Some examples are below.

ggplot

Here is an example of using the utility function, r rdl(geom_who()), with a plot of a CPP subject's height vs. age, plotting the default of WHO bands at centiles 1, 5, 25, 50, 75, 95, 99:

library(ggplot2)
ggplot(data = subset(cpp, subjid == 8), aes(x = agedays, y = htcm)) +
  geom_who(x_seq = seq(0, 2600, by = 10), y_var = "htcm") +
  geom_point() +
  theme_bw()

lattice

This example of uses r rdl(panel.who()) to superpose the WHO growth standard with a plot of a CPP subject's height vs. age, with WHO bands at z-scores -3, -2, -1, 0, 1, 2, 3:

xyplot(wtkg ~ agedays, data = subset(cpp, subjid == 8),
  panel = function(x, y, ...) {
    panel.who(x = seq(0, 2600, by = 10),
      sex = "Male", y_var = "wtkg", p = pnorm(-3:0) * 100)
    panel.xyplot(x, y, ...)
  },
  ylim = c(0, 39),
  col = "black")

rbokeh

Here's an example plotting the same plot as the lattice plot, transforming agedays to age in years and taking advantage of several of rbokeh's interactive features, such as hover and zoom/pan.

library(rbokeh)
figure(xlab = "Age (years)", ylab = "wtkg") %>%
  ly_who(x = seq(0, 2600, by = 10), y_var = "wtkg",
    sex = "Male", x_trans = days2years) %>%
  ly_points(days2years(agedays), wtkg,
    data = subset(cpp, subjid == 8), col = "black",
    hover = c(agedays, wtkg, lencm, htcm, bmi, geniq, sysbp, diabp))

Look at Male birth lengths superposed on the INTERGROWTH birth standard:

# first we need just 1 record per subject with subject-level data
cppsubj <- get_subject_data(cpp)
figure(xlab = "Gestational Age at Birth (days)", ylab = "Birth Length (cm)") %>%
  ly_igb(gagebrth = 250:310, var = "lencm", sex = "Male") %>%
  ly_points(jitter(gagebrth), birthlen, data = subset(cppsubj, sex == "Male"),
    color = "black")

Plot INTERGROWTH prenatal growth standard bands at z=1,2,3 for prenatal head circumference

figure(xlab = "Gestational Age (days)",
  ylab = "Head Circumference (cm)") %>%
    ly_igfet(gagedays = 98:280, var = "hccm", p = pnorm(-3:0) * 100)

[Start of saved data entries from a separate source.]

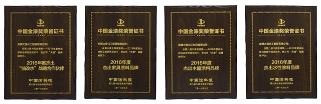 會議頒發了在多個細分渠道領域的2016年度杰出涂料品牌,大寶漆憑借其臻于至善的品質及消費者的支持,榮膺2016年度杰出“油改水”戰略合作伙伴、杰出木器裝修涂料品牌、杰出家具涂料品牌、杰出水性涂料品牌等4項大獎。同時,大寶漆經銷商杭州啟納實業有限公司獲得了2016年度杰出家具涂料經銷商獎項。大寶漆獨攬5個獎項,收獲頗豐。
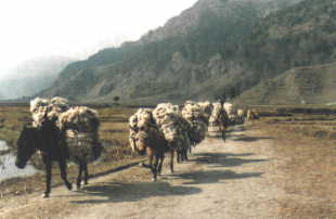 ロバの商隊?だ。荷はヤクの毛のようだ。
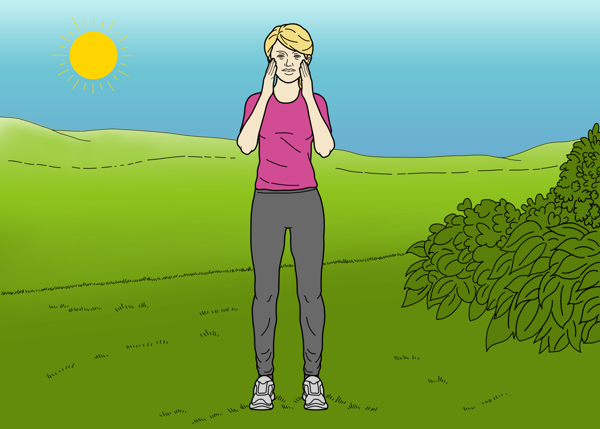 3. ایک منٹ کے بعد رکیں اور اپنے ہاتھوں سے اپنے چہرے کو چھوئیں۔
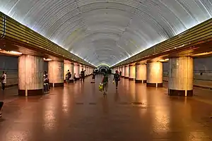 Vokzalna (Ukrainian: Вокза́льна) is a station on Dnipro Metro's Tsentralno–Zavodska Line. The station is the eastern terminus of the line and was opened on 29 December 1995. However, once the nearby Teatralna station will be completed, it will cease being the eastern terminus.
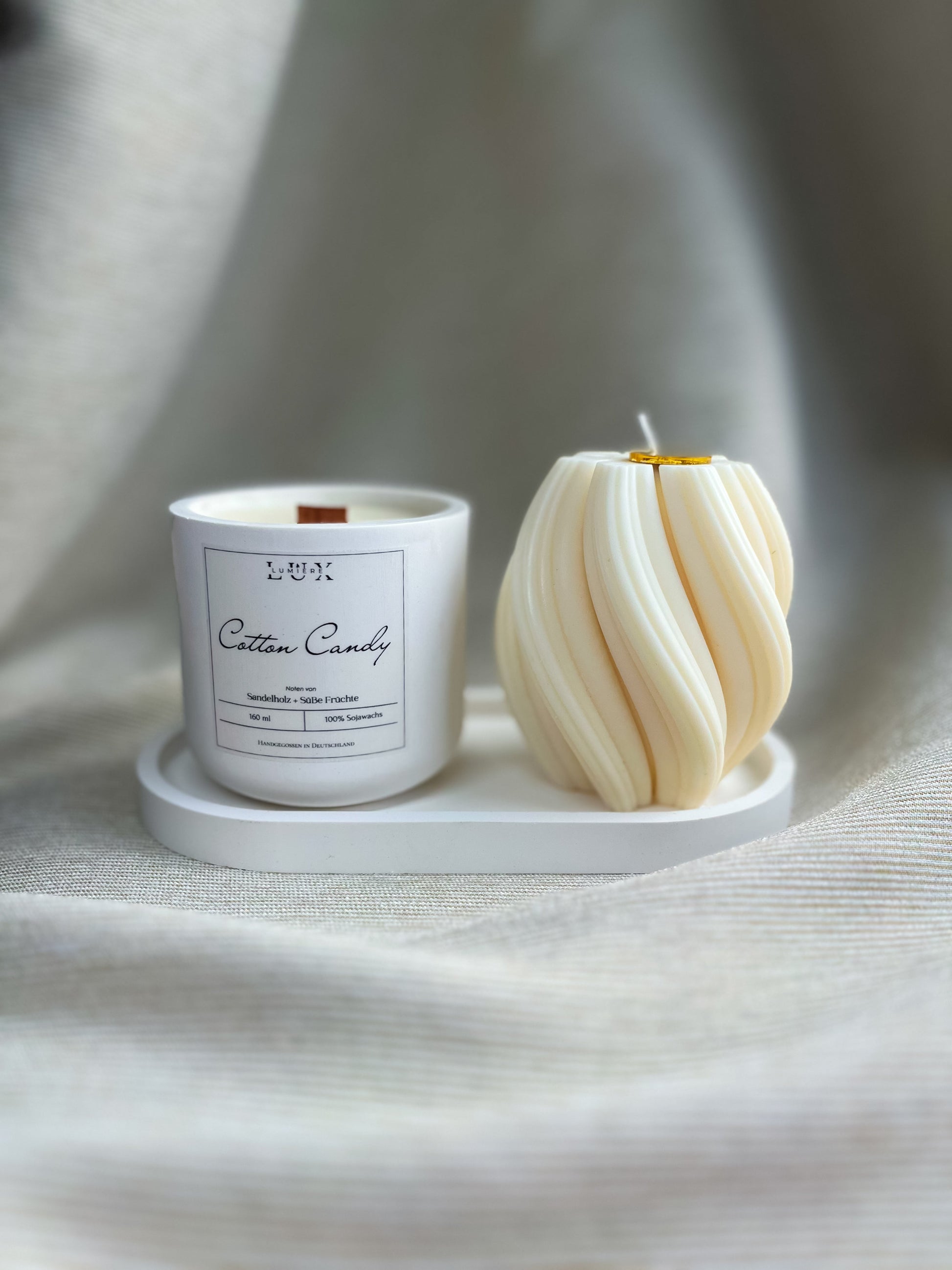 Mit einer Auswahl an hochwertigen Kerzen auf einem eleganten, reinweißen Tablett und dem herrlichen Duft von der Aromakerze "Cotton Candy" und der Formkerze "Swirl", ist dieses, mit viel Liebe verpacktes Geschenkeset, perfekt für jeden Anlass.
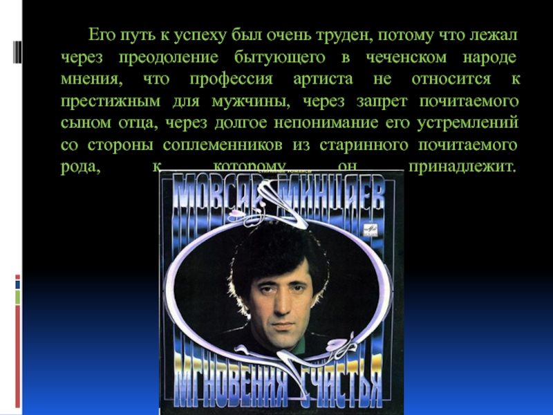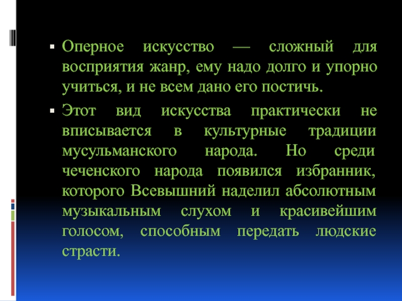 Этот вид искусства практически не вписывается в культурные традиции мусульманского народа. Но среди чеченского народа появился избранник, которого Всевышний наделил абсолютным музыкальным слухом и красивейшим голосом, способным передать людские страсти.
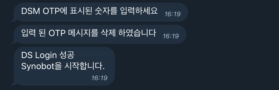 Synobot 컨테이너를 실행하면 비밀번호 혹은 2단계 인증 OTP 번호(2단계 인증 켜 둔 상태일 때) 입력을 요청하는 텔레그램 메시지가 온다. 봇 메시지 창에 요청한 내용을 입력하면 DS Login 성공 메시지가 뜨면서 봇이 시작된다.

In a future section we will see a utility plot function that plots a subject's fitted growth trajectory and makes use of these plot utilities.

Simple Exploration

Several functions are available for making simple interactive exploratory plots via the rbokeh package, and many more are planned.

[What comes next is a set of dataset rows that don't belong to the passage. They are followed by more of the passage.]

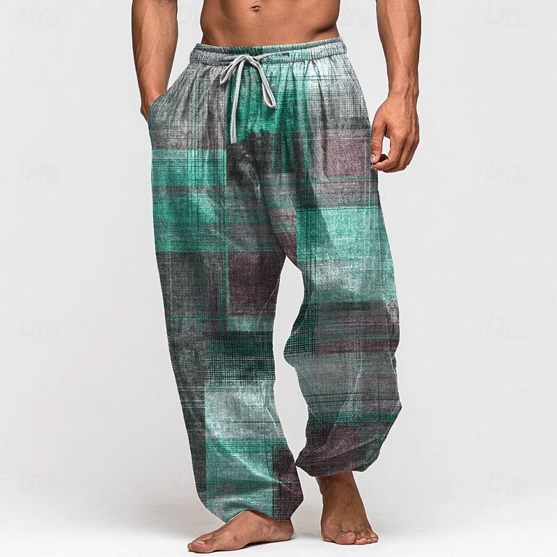 Men's Color Block Patchwork Trousers Baggy Pants Casual Pants Mid Waist Vintage Outdoor Vacation Elastic Drawstring Waist Linen-Like Pants with Pockets Summer Spring Fall 3D Print Red Blue Green 7
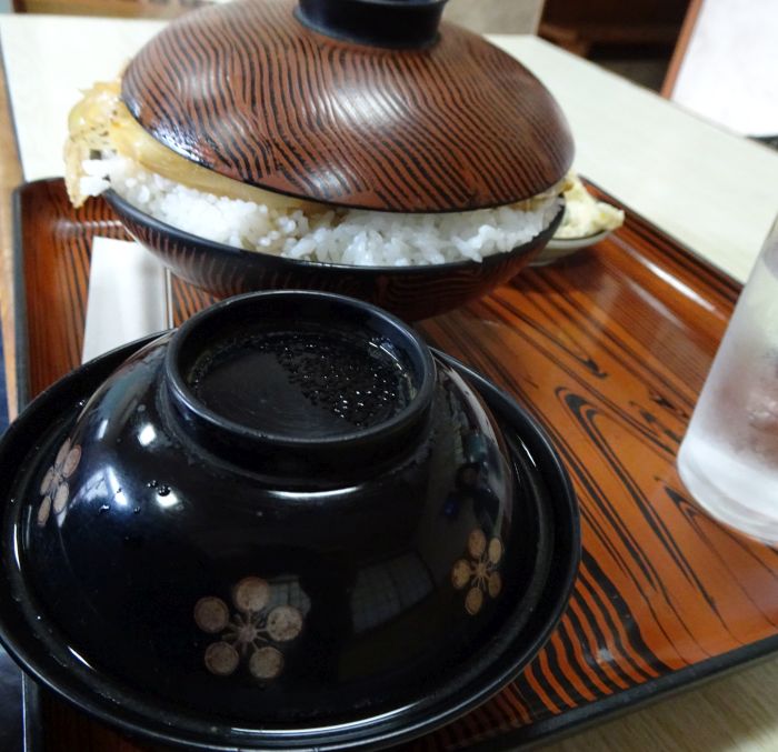 カツ丼を食べましたが、ご覧のようにご飯が多すぎて、載っている具が少なく感じます。カツと玉ねぎのちりばめ方もバランスが悪いですね。
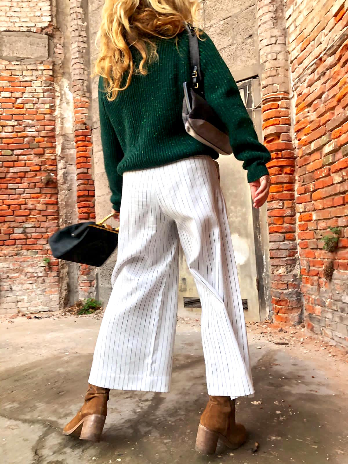 Abb: Marlene Hose, Cashmere Wolle Pullover, Stiefel Taglia Scarpe, Vintage Tasche Roberta di Camerino
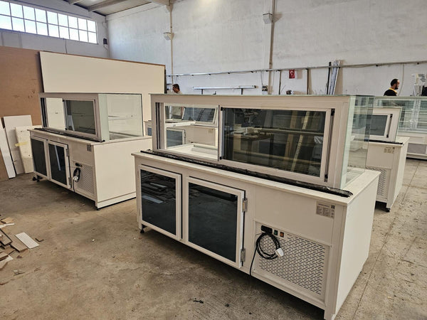 Fridges World removed and disposed of the old units, redesigned the shopfront for outdoor service, and prepared a new counter for the coffee section. We installed our premium Fridges World bespoke display fridges with integrated cold storage underneath, creating a modern, efficient and customer-friendly café area.

Many of the summary plots have a distinction between plotting "time-varying" and "subject-level" variables. Time-varying variables are variables that vary over time within each subject, while subject-level variables are constant within each subject. When dealing with subject-level variables, instead of plotting summaries over the entire longitudinal data set, we instead subset the data to have one record per subject. For example, in our CPP sample data, there are 500 subjects but nearly 2000 records. When plotting time-varying variables, we have all 2000 records, but when plotting subject-level variables we have 500 records.

Data distributions

A simple function is available to plot the univariate distributions of all variables in the data, r rdl(plot_univar()). You can have it plot using subject-level or time-varying variables. The function returns bar charts for categorical variables and histograms for quantitative variables. The rule for deciding whether a variable is quantitative or categorical is that it is quantitative if it is numeric and has more than 10 unique values and categorical otherwise.

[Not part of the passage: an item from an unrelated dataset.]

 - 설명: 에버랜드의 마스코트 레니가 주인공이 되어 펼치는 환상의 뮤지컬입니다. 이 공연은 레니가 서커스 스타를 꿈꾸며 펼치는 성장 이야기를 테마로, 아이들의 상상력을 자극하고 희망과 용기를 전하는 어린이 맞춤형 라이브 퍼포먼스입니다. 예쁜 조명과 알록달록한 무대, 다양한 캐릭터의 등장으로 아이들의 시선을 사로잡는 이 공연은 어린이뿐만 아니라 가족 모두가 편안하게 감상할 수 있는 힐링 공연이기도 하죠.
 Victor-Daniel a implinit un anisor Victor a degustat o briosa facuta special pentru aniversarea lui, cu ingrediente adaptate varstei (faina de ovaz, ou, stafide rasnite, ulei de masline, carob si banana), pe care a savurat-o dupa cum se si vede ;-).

Subject-level variable summaries

plot_univar(cpp, subject = TRUE, width = 250, height = 250)

Time-varying variable summaries

plot_univar(cpp, subject = FALSE, width = 250, height = 250)

Missing data

There are a few plot methods available for investigating missing data. We can plot a stacked bar chart indicating NAs for each variable in a data set:

Subject-level variables missing values

plot_missing(cpp, subject = TRUE)

Time-varying variables missing values

plot_missing(cpp)

There are a lot of missing values for time-varying variables. The only one that is complete is wtkg.

We can also plot a heat map of frequency of "complete" (both non-NA) pairs of variables. The color coding ranges from light yellow for more complete cases to dark red for fewer complete cases:

Subject-level variables complete pairs

plot_complete_pairs(cpp, subject = TRUE)

Time-varying variables complete pairs

plot_complete_pairs(cpp)

Special plots

There are some additional plot methods more specific to the subject matter of longitudinal data.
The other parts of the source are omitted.